In a pre-clinical setting, the effects of combining these two inhibitors were examined in vivo by treating transplanted PyMT tumors in nude mice when the size of tumors was about 50mm3 (Figure 6D). Administration of either LY-2157299 or Stattic alone did not result in significant reductions in tumor volume (Figure 6E). However, the combination of both inhibitors impaired tumor growth significantly (Figure 6E). After 21 days of treatment, the percentage of CD29hiCD61+ and ALDH+ BCSCs were analyzed. Tumors treated with LY-2157299 or the combination of inhibitors significantly reduced the percentage of CD29hiCD61+ BCSCs (Figure 6F), an effect not seen in tumors treated with Stattic alone. On the other hand, only cohorts that received Stattic or the combination of drugs were effective in significantly reducing ALDH+ BCSCs (Figure 6G). Tumors that were treated with Stattic displayed dimished p-Stat3 staining, whereas tumors treated with LY-2157299 had dimished p-Smad2 staining, illustrating the efficacy of respective inhibitors at the doses administered (Figure 6H).

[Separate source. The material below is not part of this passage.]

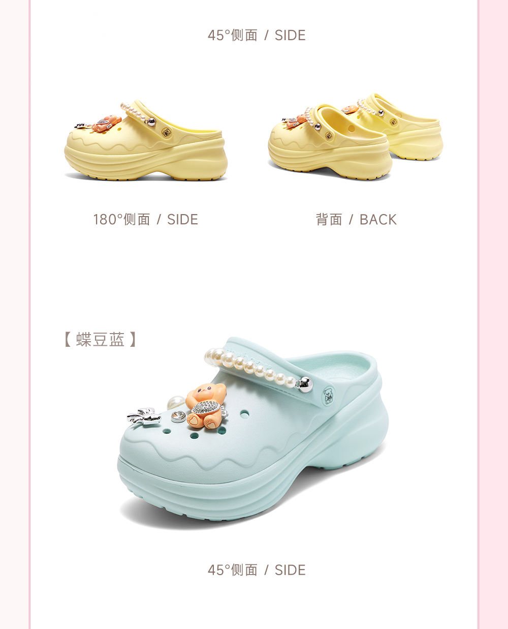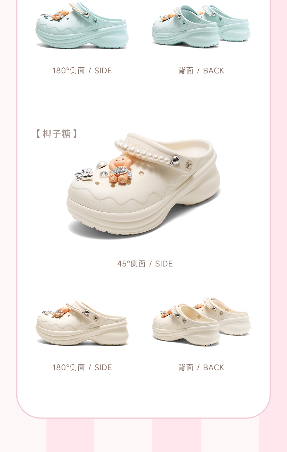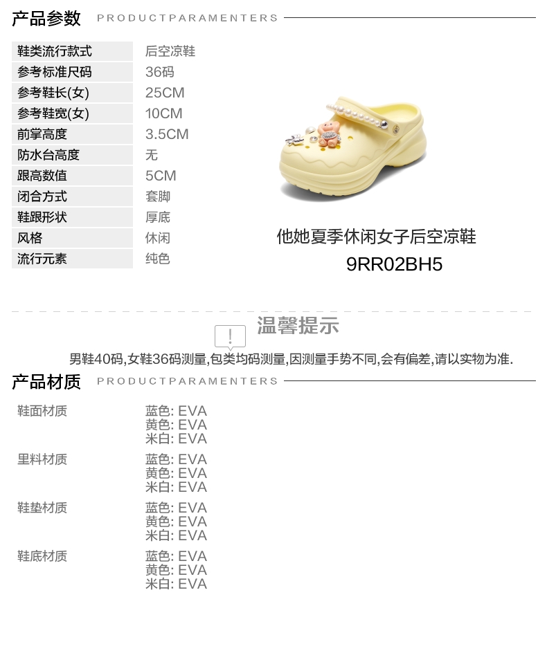 | 鞋头款式:圆头 | 鞋底材质:EVA | 鞋面图案:纯色 | 鞋跟形状:厚底 | 鞋面材质:EVA |

These results indicate that the combination of LY-2157299 and Stattic may be more effective due to its ability to target both CD29hiCD61+ and ALDH+ BCSCs which depend on TGFβ/Smad and Stat3 signaling respectively (Figure 6I).

Discussion

The proposed CSC concept has played a significant role in the recent advance of cancer research, despite concerns on their existence or utility in some cancers (7,36,37). In this study, we describe for the first time that ALDH+ and CD29hiCD61+, two widely used markers for BCSCs, enrich for two distinctive BCSC populations with minimal overlap in one mouse model of breast cancer, but that only CD29hiCD61+ markers enriched for BCSCs in another model. These results suggest that various markers (even those frequently employed) may not identify all CSCs, which may contribute to some potential conflicting data concerning the existence and/or role of CSCs.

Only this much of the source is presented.